── Data provided ──

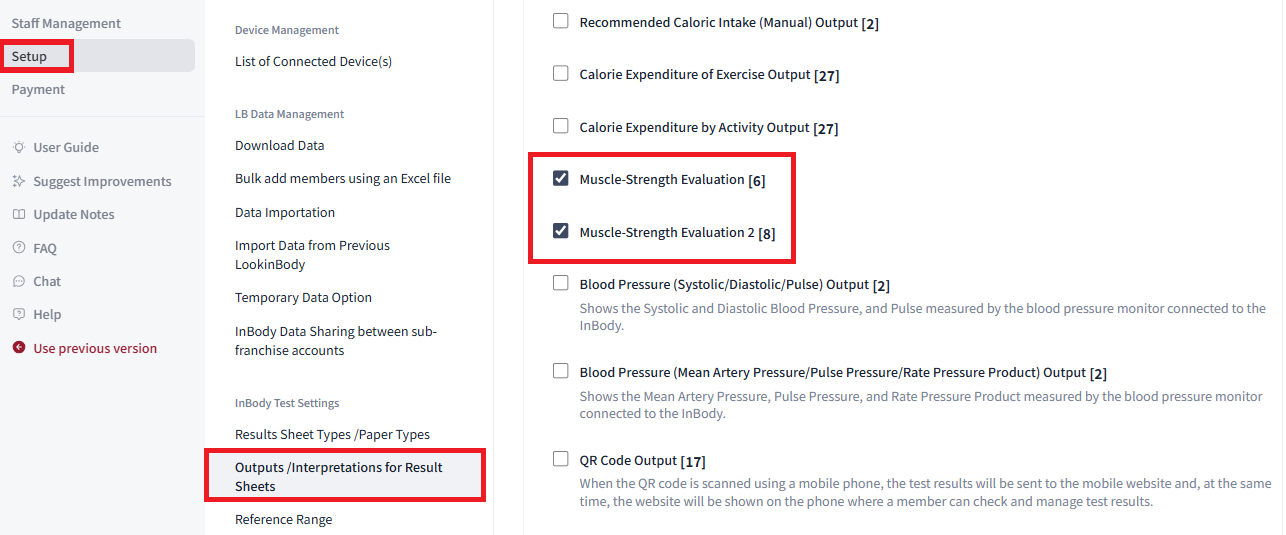 - You also want to make sure the output is enabled from your Setup Menu. This can be found under 'Setup' -> 'Outputs/Interpretations for Result Sheets' -> 'Muscle-Strength Evaluation'
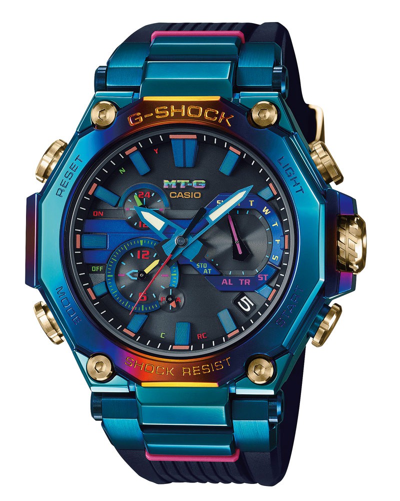 ▲ 「MTG-B2000PH」電波式、レインボーIPケース(55.1×51mm)×ブレスレット。20気圧防水。14万3000円/カシオ(カシオお客様相談室)
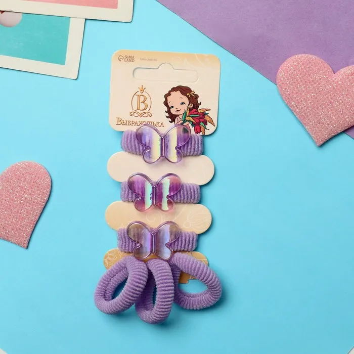 Резинки для волос «Сладость», набор 6 шт., бабочка, сиреневые
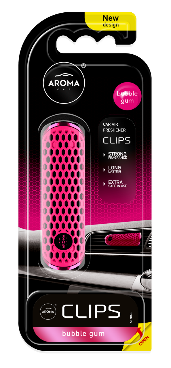Ароматизатор воздуха Aroma Car CLIPS Bubble Gum предназначен для автомобиля, дома или офиса. Хорошо устраняет запахи, источает приятный аромат.

───

◆ Instructions for the task: The line with "Резинки для волос" ends the range, and the first line of the data begins it; repeat exactly those lines and nothing more, omitting pictures.

◆ Written solution:
 - You also want to make sure the output is enabled from your Setup Menu. This can be found under 'Setup' -> 'Outputs/Interpretations for Result Sheets' -> 'Muscle-Strength Evaluation'
 ▲ 「MTG-B2000PH」電波式、レインボーIPケース(55.1×51mm)×ブレスレット。20気圧防水。14万3000円/カシオ(カシオお客様相談室)
 Резинки для волос «Сладость», набор 6 шт., бабочка, сиреневые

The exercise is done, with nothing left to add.